Il se demande toujours pourquoi il paye un tel tribut au terrorisme islamique.
Parti jeudi d`Alger, l`avion gouvernemental japonais s`est posé vendredi matin à Tokyo à 06H48 (jeudi 21H48 GMT), a constaté l`AFP.
A son bord le vice-ministre des Affaires étrangères Shunichi Suzuki et le
patron de l`entreprise nippone JGC dont 10 des 17 salariés Japonais en Algérie ont péri dans l`attaque du site gazier d`In Amenas, à 1.300 km au sud-est d`Alger. Le 10e cadavre sera rapatrié ultérieurement.
Les corps devraient être autopsiés par les services de la police japonaise afin de déterminer les causes exactes de leur mort.
Le ministre des Affaires étrangères, Fumio Kishida, son second Shunichi Suzuki, et le PDG de JGC, Koichi Kawana, se sont recueillis devant les cercueils sur le tarmac.
"Le gouvernement présente ses condoléances les plus attristées aux familles dans la douleur", a déclaré le Premier ministre Shinzo Abe lors d`une réunion à sa résidence.
Au siège de JGC à Yokohama, dans la banlieue de Tokyo, l`émotion est lourde. Les fleurs blanches s`accumulent. Les gens s`inclinent et prient en silence devant un autel bouddhiste. Sur une tablette de bois, une prière calligraphiée pour ceux qui ont perdu la vie.
"C`est très triste, très dur". Le PDG Kawana a fait le récit devant la presse de son terrible voyage en Algérie.
"Je suis parti le 18 janvier, à un moment où les informations étaient extrêmement confuses, je voulais voir de mes yeux, me rendre compte par moi-même de la situation".
Et il lui a fallu reconnaître des corps d`employés de JGC à l`hôpital d`In Amenas: "un par un, je l`ai fait.
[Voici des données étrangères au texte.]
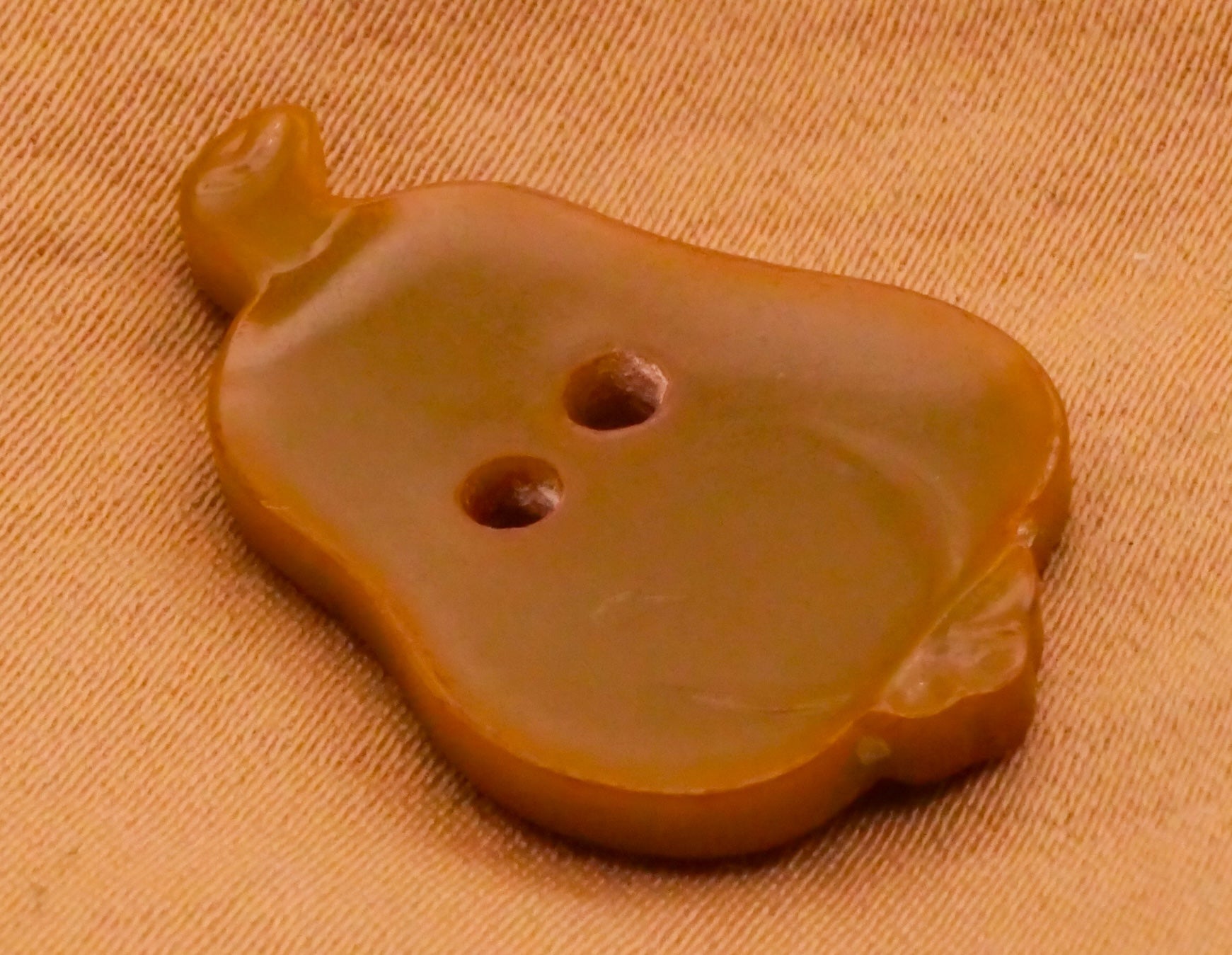 Greenish brown Bakelite gourd or pear sew-thru button. Measures 17 x 27mm / .67" x 1.06".

Avec l`aide de rescapés qui connaissaient leurs collègues et amis, c`est ainsi que nous avons pu identifier les corps".
Le gouvernement a communiqué ensuite les identités des dix Japonais morts, tous des hommes, de plus de 50 ans pour la plupart.
Le décès de sept avait été annoncé lundi, puis deux autres mercredi, et un dixième jeudi, identifié grâce à une sorte d`alliance portant des initiales et des chiffres. Un avion de ligne doit prendre en charge dans les prochaines heures ce 10e corps reconnu tardivement.
Les témoignages des sept survivants sont attendus par les autorités qui veulent comprendre dans quelles circonstances sont morts des Japonais "qui se dévouaient pour leur travail", selon les mots du Premier ministre pour qui cet acte terroriste est "absolument impardonnable".
Le Japon paye, avec 10 tués, un des plus lourds sinon le plus lourd tribut, une épreuve d`autant plus dure qu`il se sent étranger aux raisons de ces actions. Les islamistes disent avoir agi en représailles à l`intervention de l`armée française au Mali voisin.
Les diplomates japonais dépêchés à Alger ont demandé aux autorités algériennes d`assurer la sécurité de tous les ressortissants nippons qui travaillent toujours en Algérie.
Surpris et choqué par cette tragédie, le gouvernement, qui a fermé temporairement son ambassade au Mali par sécurité, envisage d`augmenter le nombre d`attachés militaires des représentations japonaises à l`étranger pour renforcer sa capacité à recueillir des informations.
Pour le Japon, loin des conflits politico-religieux du monde et peu habitué au terrorisme, le drame d`In Amenas est déjà gravé dans la mémoire collective comme un des pires après les attentats de New York le 11 septembre 2001 où avaient péri 24 Japonais.
La télévision publique NHK a ainsi diffusé le témoignage poignant d`une vieille femme qui a perdu son fils dans la tuerie d`In Amenas, moins de deux ans après avoir perdu son mari et sa maison emportés par le gigantesque tsunami de mars 2011.